To be honest though, you'll be able to form just as strong of a bond with any cat you feel drawn to. Go for a visit, and just wander around. See which cats you want to go back to see over and over.

If you're up for a bit if a challenge ask the volunteers or staff which kitties are shy, have been there a long time, or are really out of their element at the shelter. Shy kitties can seem angry or aggressive, or just sad or scared, but if our got patience most will come around once they're in a calmer home. Talk to the staff about what you'd like in a kitty, then listen to what they recommend and spend time with this cats.


----------



## tgwillard (Oct 18, 2012)

Emily was an abandoned seven month old female and woke me up one morning crying for food.

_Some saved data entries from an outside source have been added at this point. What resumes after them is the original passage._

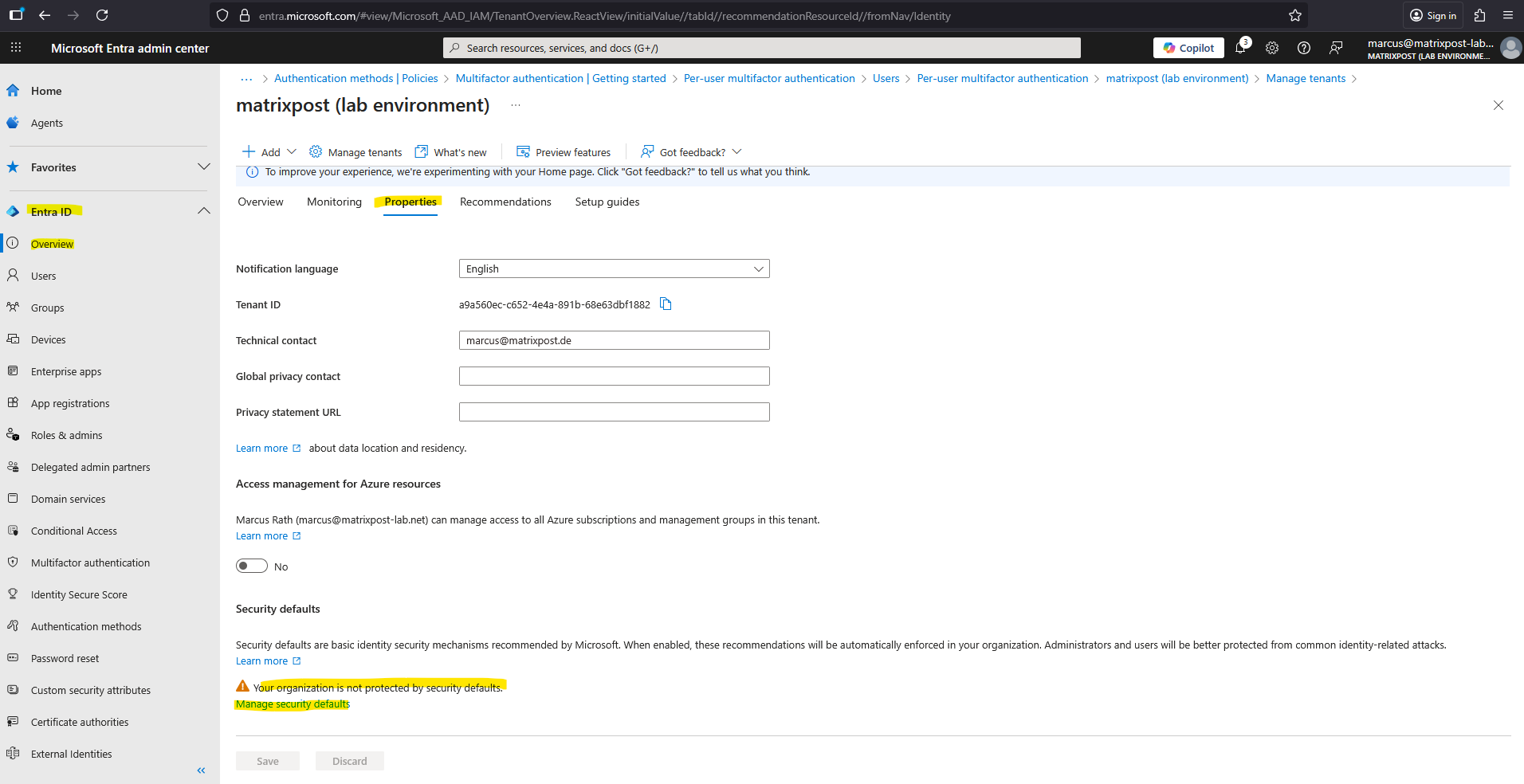 Go to Microsoft Entra Admin Center Entra ID > Properties > Manage Security Defaults.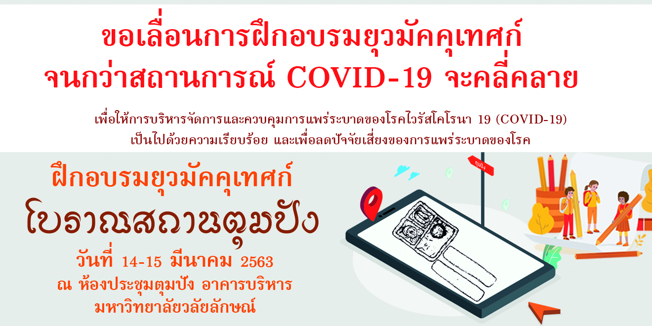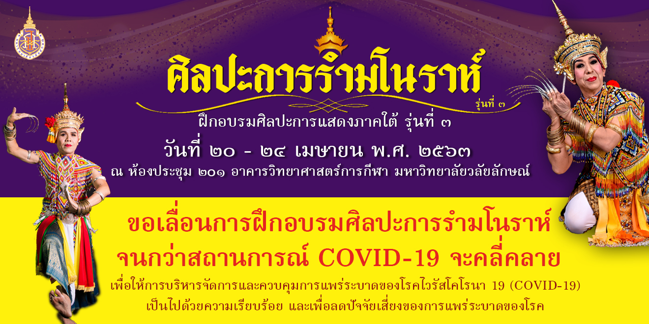 ขอเลื่อนการฝึกอบรมศิลปะการแสดงภาคใต้ ประจำปี พ.ศ.๒๕๖๓ “ศิลปะการรำมโนราห์ รุ่นที่ ๓” อ่านต่อ » มีนาคม 9, 2563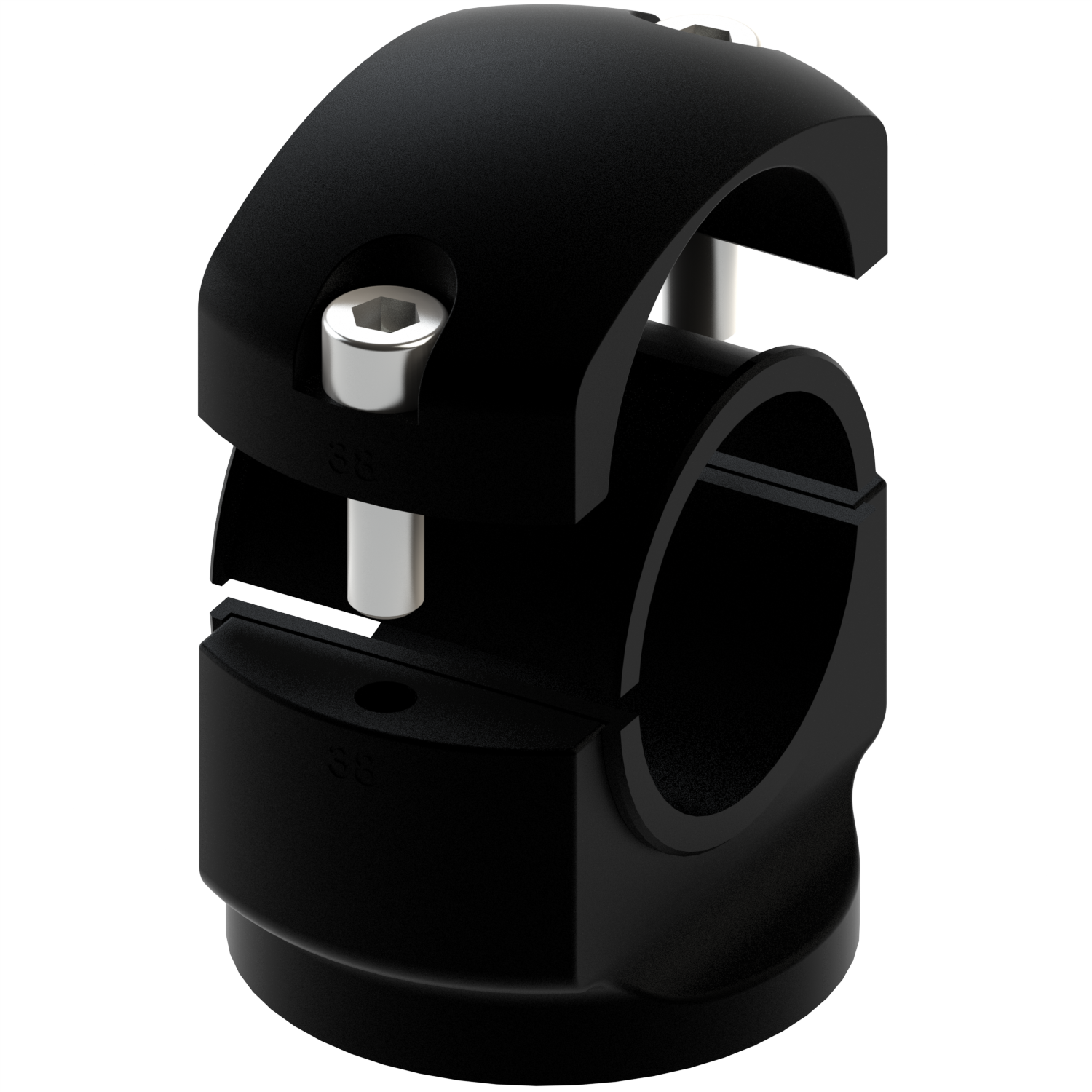 Frame clamp for mounting on round tubes with a 27mm diameter. 32mm frame clamp with 2,5mm reducing sleeves. For holding tube bases, swivel units or other components with RKN50.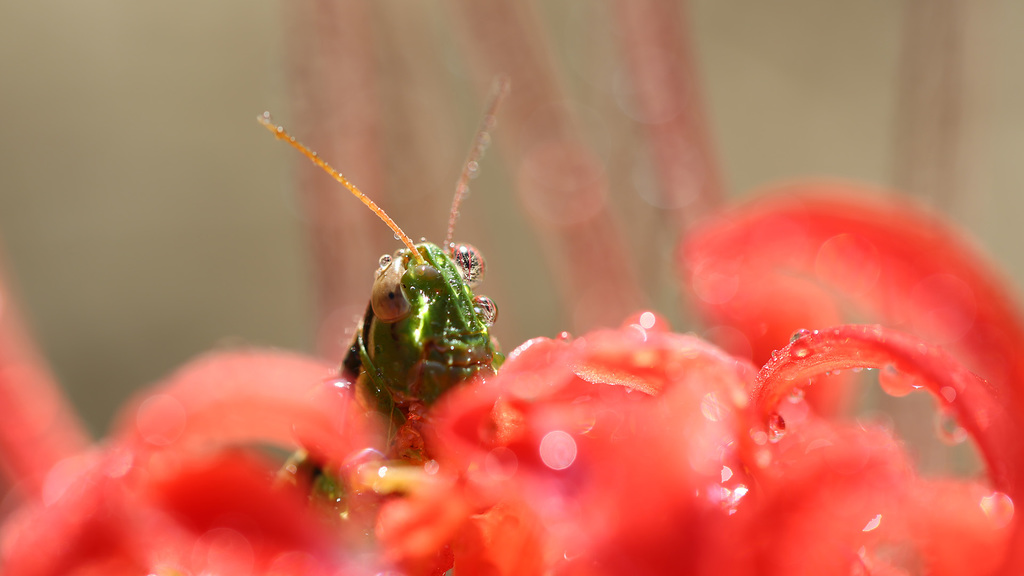 | バッタも水滴の対象に・・・(-∧-)合掌・・・ |
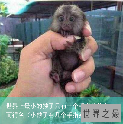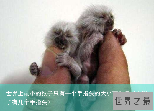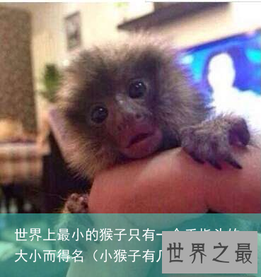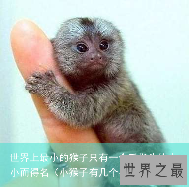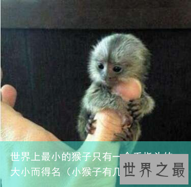 拇指猴(又叫狨猴)被称为世界上最小的猴子那是有证据的,成年的狨猴体长最多只有20cm,小一点就就只有10多厘米了,真得是和人的手指差不多长啊!体重也是轻的吓人,成年的拇指猴体重在重80—100克之间,连一斤重都没有,新生猴更是只有蚕豆般大小,重13克。这要比其他的猴子要小太多太多了。
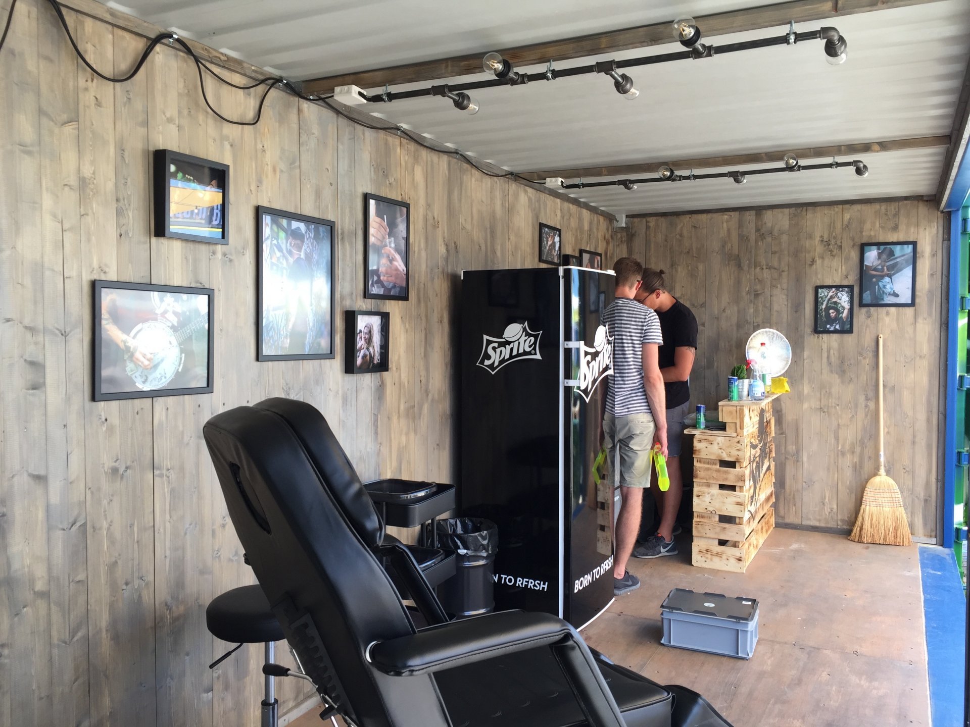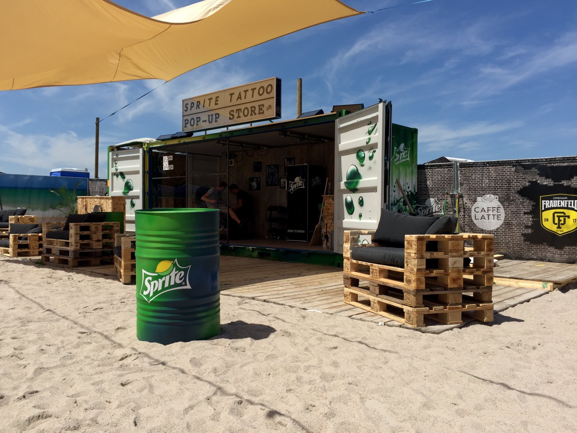 Schweisshände gab es nicht nur beim Aufbau in sengender Hitze, auch die (temporär) Tattoo-Willigen konnten dank authentischem Bau, Geruch und Atmosphäre die Tätowierstudioluft förmlich spüren. Auf- und abgebaut wurde der Festivalauftritt von Sprite am Openair Frauenfeld sowie in der Royal Arena Biel und am Urban Festival Lausanne.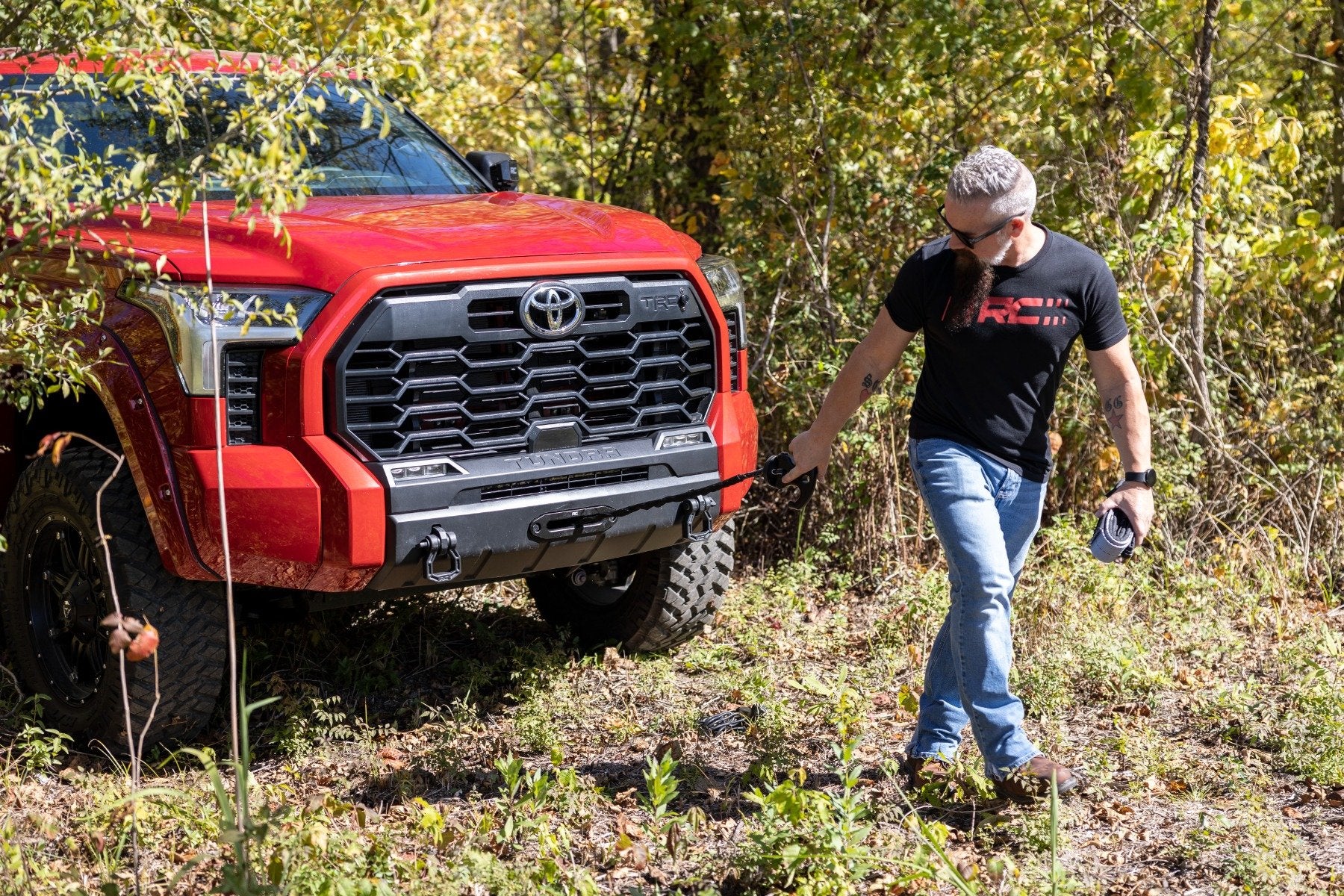 Rugged Construction. Reliable Recovery. When you're getting ready to winch your buddy or yourself out of a sticky situation, the last thing you want to think about is the wear and tear on your winch line. That's why Rough Country's Tree Saver Strap is a must-have recovery accessory. Our strap prevents failure and fraying of the winch line and prevents winch lines from coming into contact with the tree and causing unnecessary damage. With a breaking strength of 16,000 lbs., this 8-foot strap is sure to hold up under pressure.\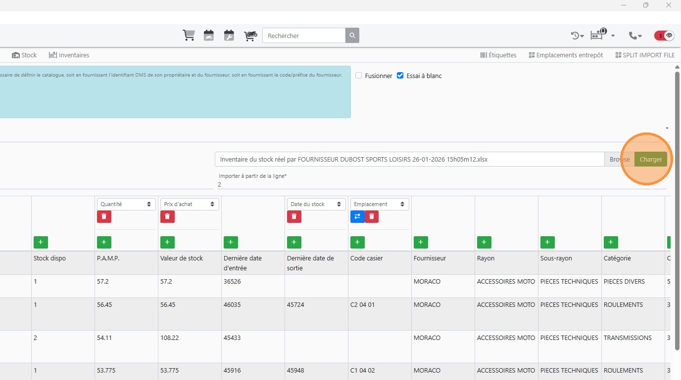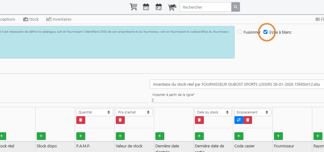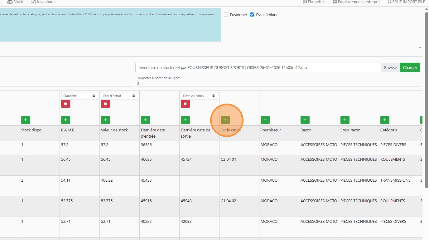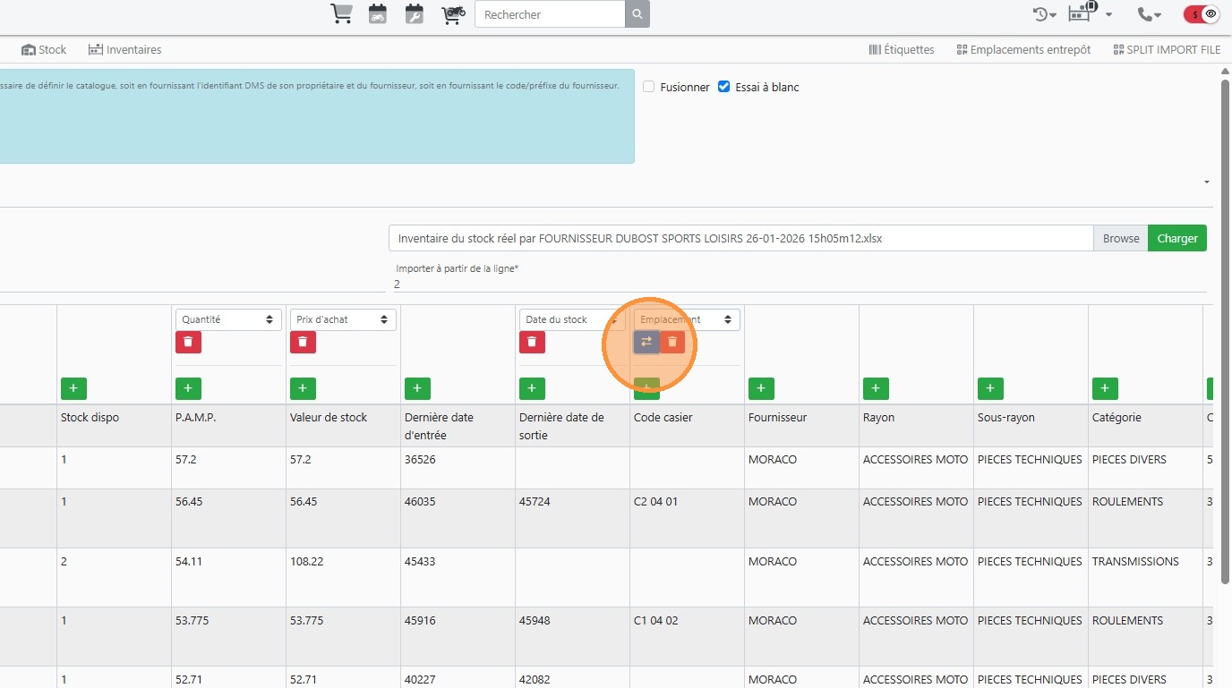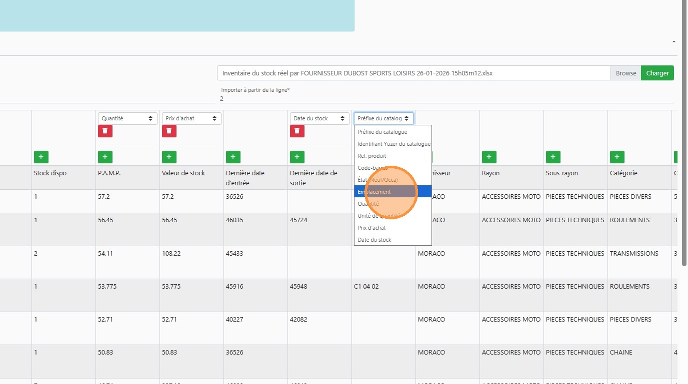 Importer le stock dans des emplacements définis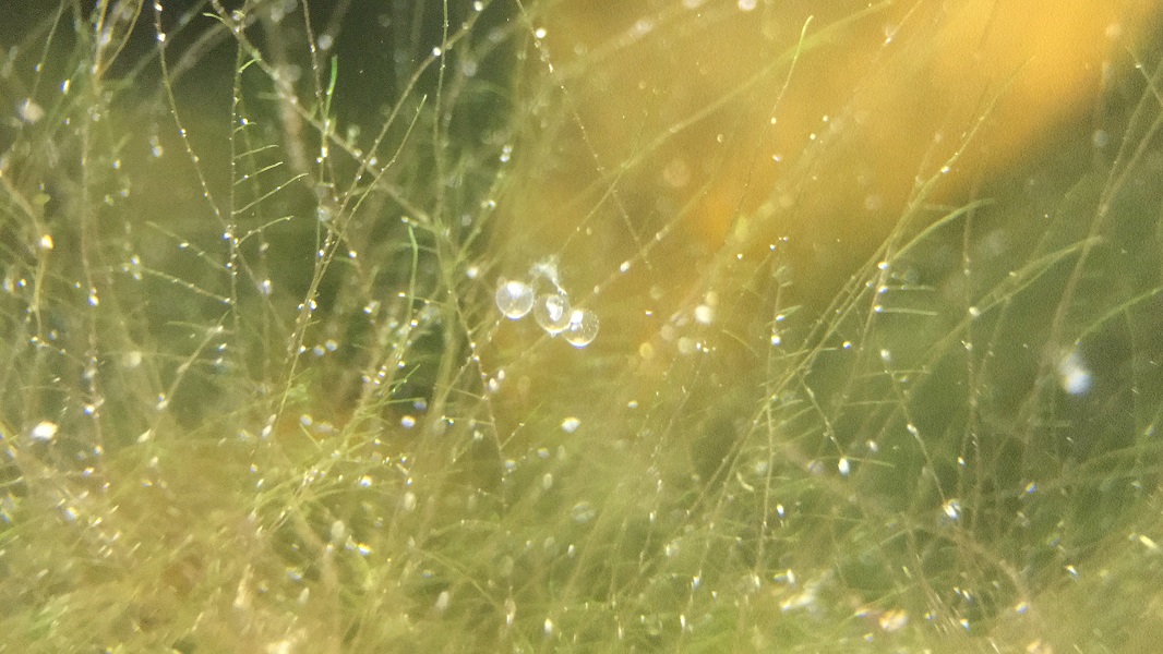 Das ist mittlerweile so dicht, das ich nicht mal die Schnecken drin erkennen kann wenn sie auf der anderen Seite rutschen. Aber irgendwas muß darin ja leben, sonst würde es müffeln und gammeln.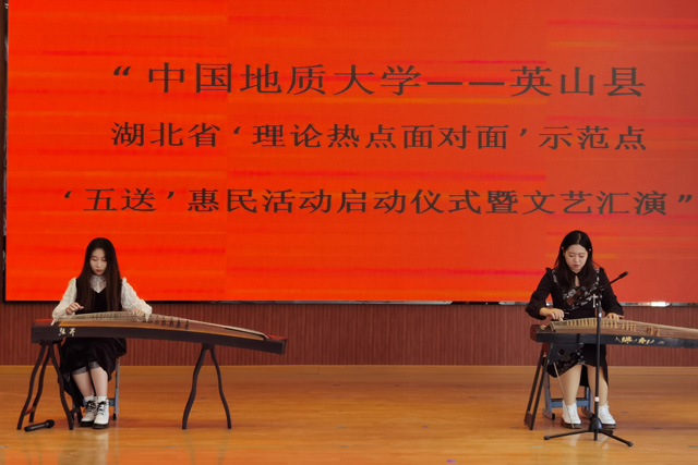 启动仪式后,“五送”惠民活动之“送文化”文艺汇演拉开序幕。阮一帆代表我校向红山镇及中学赠书。文艺汇演由艺术与传媒学院余敏、余磊等10余名师生与红山镇联合举办。《祖国慈祥的母亲》《我爱你中国》《父老乡亲》等歌曲响遏行云,唱出了对祖国母亲的深深眷恋和跟党走的坚定信念;古筝、笛子、独弦琴、二胡等传统乐器余音缭绕,绽放了非物质文化遗产的独特魅力;红山镇群众的互动节目广场舞表演将活动气氛推向了高潮。文艺汇演在我校师生合唱的《勘探队员之歌》中落下帷幕。一首首激昂的歌曲、一段段优美的管弦乐吸引着观众,赢得了阵阵掌声,为红山镇群众带来了一场精神文化盛宴。

She adopted me and is my first cat. I don't know if I could chose a cat for adoption from a shelter with a room full of cats. I would wonder about the cats that I had not picked.


----------



## FatCat (May 5, 2004)

Mandy and Ellie said:


> For my boyfriend and I, we always wanted "cat-dogs".


That's the type of cat I'd like too! So I went back to the shelter and saw this cat/kitten pair that was mama and daughter. While mama cat stayed in her box watching, the kitten (6mo maybe) sniffed me, did a head rub, then tried to climb me. She climbed up to my shoulder (no fear!) and laid down & made herself comfy around my neck - it felt like a warm scarf! I guess that counts as choosing me!  But I really wanted a male. They told me that they think I would like the one that they have living at a Petsmart and I should go visit him.

I've also been scanning the pet section of Craigslist but there was never anything interesting. Far more dogs than cats.


----------



## librarychick (May 25, 2008)

Is there a reason you're specifically looking for a male? I know some people have a preference, but IME (fostering, pet sitting, my own pets) there's really no difference. It's all down to individual personality.


----------



## kbear (May 12, 2013)

FatCat said:


> That's the type of cat I'd like too! So I went back to the shelter and saw this cat/kitten pair that was mama and daughter. While mama cat stayed in her box watching, the kitten (6mo maybe) sniffed me, did a head rub, then tried to climb me. She climbed up to my shoulder (no fear!)


 there was your sign, go get her!:mrgreen:

also, 2 kittens are really easier than 1, imo. they need a little playmate and they are so fun to watch!


----------